Desde mi ventana
Carmen Heras

En mi entender, cualquier lectura tiene aspectos válidos, aunque debamos aprender a discriminar, sabiendo lo qué leemos. Cuando Corín Tellado comenzó a escribir para mantener a sus hijos, al no disponer de otros ingresos tras separarse, fue tremendamente denostada por los ambientes cultos de la época, pero hoy existen infinidad de escritores/as que siguen sus mismas pautas y son ampliamente seguidos, aunque no tanto como ella, declarada en 1962 por la Unesco la escritora española más leída después de Cervantes.

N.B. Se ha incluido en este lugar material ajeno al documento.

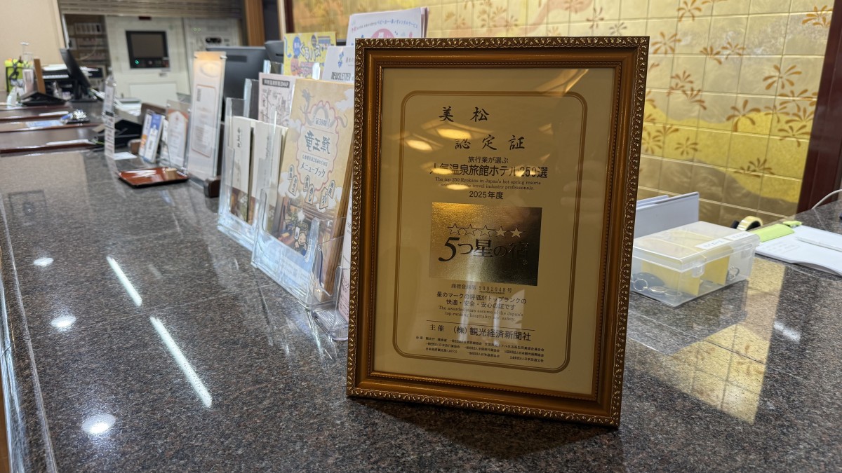 このたび、北陸 福井 あわら温泉 美松は、株式会社観光経済新聞社が主催する2025年度の「人気温泉旅館ホテル250選」と「5つ星の宿®️」 を受賞いたしました。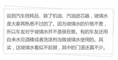 汽车保养是每一个车主都离不开的日常要务,最经常要做的就是添加、更换汽车用的各种油液,譬如机油、冷却水等等,但是说到玻璃水,却会有一些车主对此不以为然,认为加普通的水就够了,其实这样做是非常不明智的!甚至有一些车主,根本不知道有专用的汽车玻璃水。今天小编就给大家简单讲解一下。
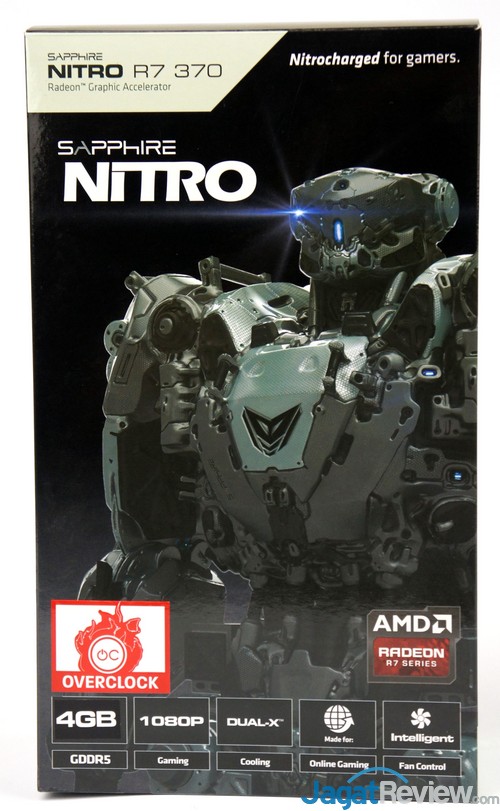 Sama seperti produk Sapphire dengan nama Nitro lain nya, kotak kemasan dari graphics card tersebut dilengkapi dengan karakter robot Nitro tersebut.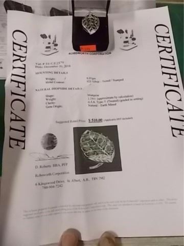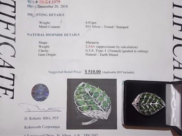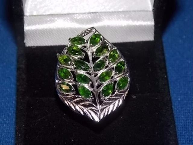 RING - 2.24TCW - MULTIPLE BRILIANT GREEN CHROME DIOPSIDE GEMSTONES IN STERLING SILVER LEAF DESIGNED SETTING - - INCLUDES CERTIFICATE - RETAIL ESTIMATE $510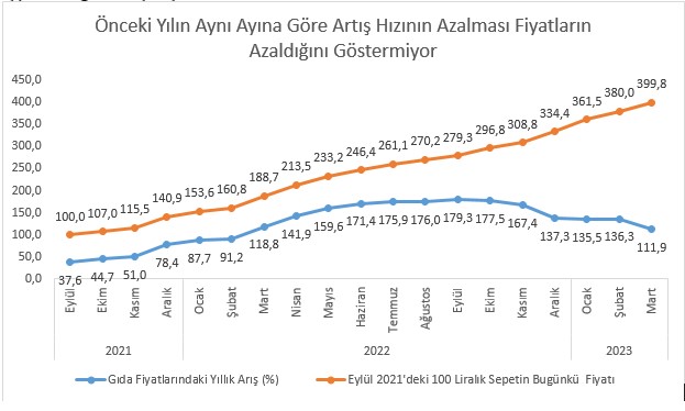 -TÜRKİYE’NİN İÇİNDE BULUNDUĞU YÜKSEK ENFLASYON SÜRECİNE GİRDİĞİ EYLÜL 2021’DE 100 LİRAYA SATIN ALINAN BİR GIDA SEPETİ İÇİN BU YIL MART AYINDA 400 LİRA ÖDEMEK GEREKTİ.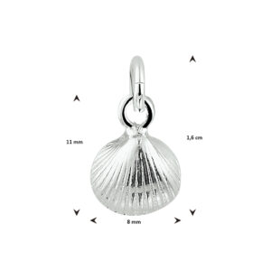 925 zilveren hanger uitgevoerd in de vorm van een schelp. De hanger heeft een totale hoogte van 1.6cm en een breedte van 8mm.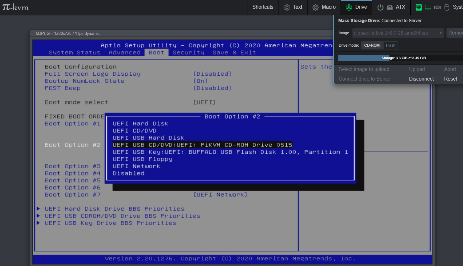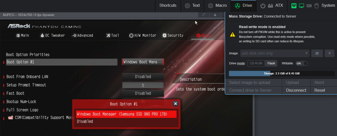And, boot mode selected Legacy + UEFI, then PiKVM CDROM appeared.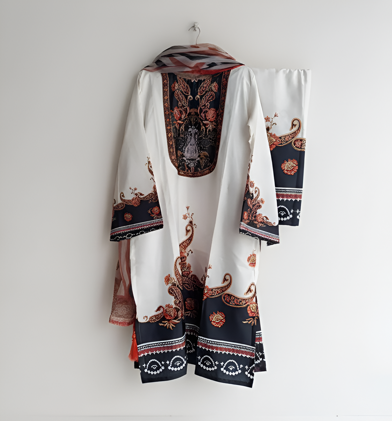 Ready Made Pure Three Piece একটি রেডি টু ওয়্যার থ্রি পিস সেট। পিওর কটন/লন কাপড়ে তৈরি হওয়ায় এটি আরামদায়ক ও হালকা। কামিজ, সালোয়ার/প্যান্ট ও ওড়না একসাথে ম্যাচিং সেট হিসেবে দেওয়া আছে। দৈনন্দিন ব্যবহার ও অফিসের জন্য উপযুক্ত।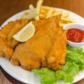Tenera fetta di carne impanata e dorata, arricchita da uno...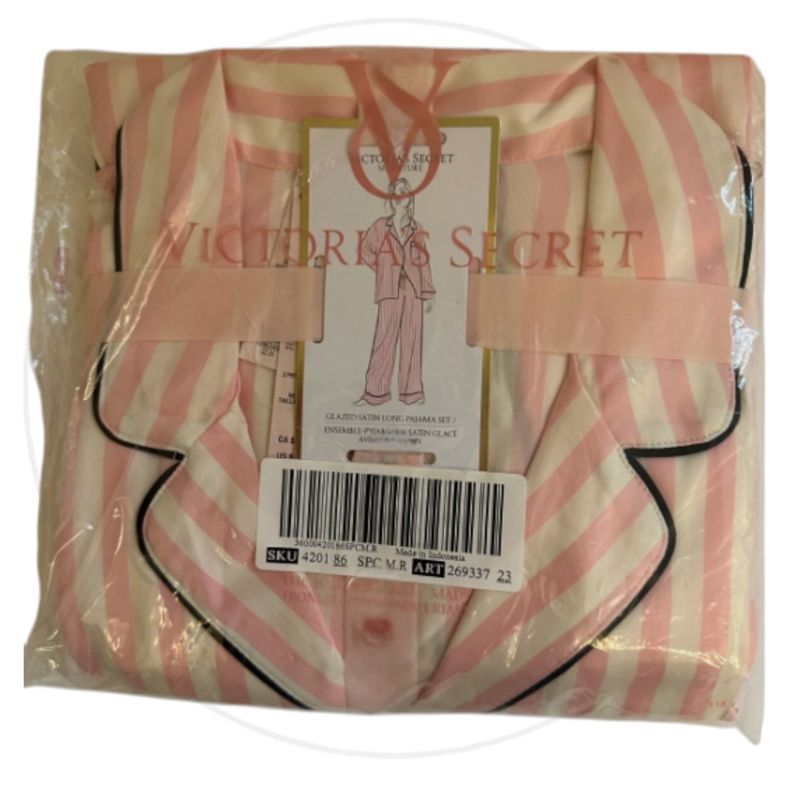 This NWT Victoria's Secret Glazed Satin Pajama set in Pink Iconic Stripe features a classic striped pattern on a lightweight satin fabric, perfect for summer, fall, and spring seasons. The set includes pants or shorts, with a button closure, collared neckline, and long sleeves for comfort and style. Made of polyester satin, this pajama set is machine washable for easy care and comes in sizes M and L, making it a versatile and stylish addition to any woman's sleepwear collection.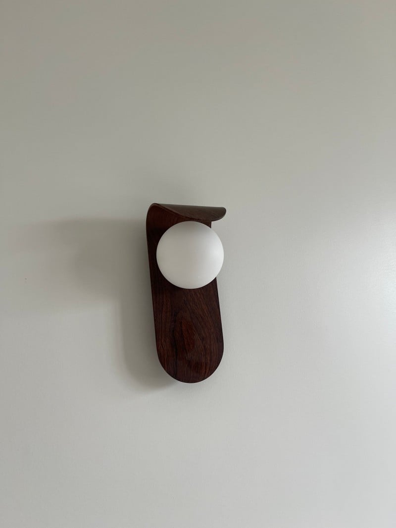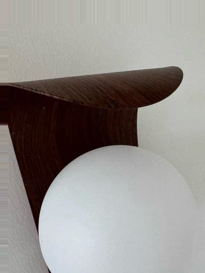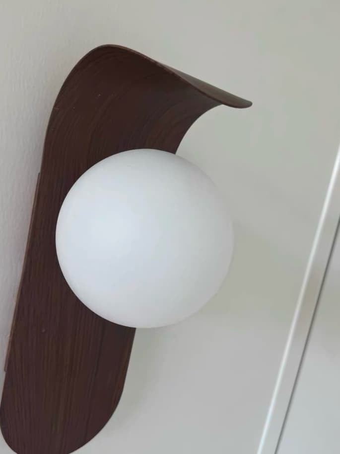Wabi-sabi Style Fashion Vägglampa ingjuter modern sofistikering i tidlös design. Med en graciöst böjd träbas med vattenöverföringstryck i utsökt träfärg eller rik valnötsfärg, vaggar den en frostad akrylklot som sprider ljuset varmt. Lampans unika blandning av modern estetik och hantverksmässigt hantverk gör den till ett statement som förvandlar alla utrymmen med sin subtila elegans och inbjudande glöd.

El 23 de abril de cada año se conoce como el Día del Libro y la mayoría de las localidades lo celebran con Ferias y actividades varias, lo cual está muy bien. Hay infinidad de títulos nuevos y repasar los escaparates e interiores de librerías sigue siendo un verdadero gozo intelectual y hasta físico. Afortunadamente surgen pequeñas editoriales por doquier, y las mayores se esmeran cada vez más. Afortunadamente, los agoreros que pronosticaron hace unos años la desaparición del libro clásico en favor del libro electrónico se equivocaron. El libro de papel sigue teniendo un sin fin de lectores y aunque cualquier cifra sobre éstos siempre es mejorable, lo cierto y verdad es que siguen abriéndose librerías donde podemos encontrar grandes y chicas maravillas impresas.

Los libros son pequeñas joyas (también por el precio), incluso los más desatinados o vulgares. Siempre he defendido la lectura sin restricciones, porque hasta el mayor folletín ofrece aspectos interesantes. No hay nada como leer para conocer otros mundos y otras historias distintas a la propia, aunque sean, en cierto modo, inventadas. Y qué decir del aprendizaje de la ortografía y sus famosas reglas, que no hay necesariamente que retener cuando se lee con asiduidad. Para los que conocimos la televisión siendo ya adolescentes, la lectura fue una diversión sin límites que llenaba parte de nuestras horas de ocio y conseguía encendernos la bombilla de la imaginación.

Muchas veces nos riñeron por leer tanto y “no hacer otra cosa” (nos decían). Leíamos, por tanto, cuando no podían vernos, de noche, acostadas bajo las mantas, con poca luz, en alcobas de casas antiguas a las que llegaba una escasa claridad (siempre he creído que mi temprana miopía tuvo su origen en esas costumbres de los primeros años). “No hacer otra cosa”, nos afeaban, sobre todo a las niñas y adolescentes, en aquellos años en los que las mujeres debían de aprender a manejar una casa, unos hijos y un marido, saber de costura y de cocina y no darle tantas alas a la imaginación desbordante. Ahora son otros tiempos y han cambiado mucho los intereses y las expectativas. Las niñas ya no aprenden a hacer mantelerías o tapetes de ganchillo, más bien juegan al fútbol o hacen danza. Aunque leer, espero que sigan leyendo. Y sin restricciones.

De un tiempo a esta parte todo el mundo escribe un libro. La famosa timidez del neófito se ha roto, y creo que la pandemia, con su enclaustramiento, ha tenido mucho que ver con este continuo baile de particulares lanzados a escribir para expresar sus emociones, dándoles un escape que compartir con otros. Generalmente los costes los paga el propio escritor, y luego si venden consigue retornarlos. Las Ferias en lugares pequeños están repletas de este tipo de títulos, de personas conocidas en la localidad, que aprovechan los días oficialmente programados para exponerlos.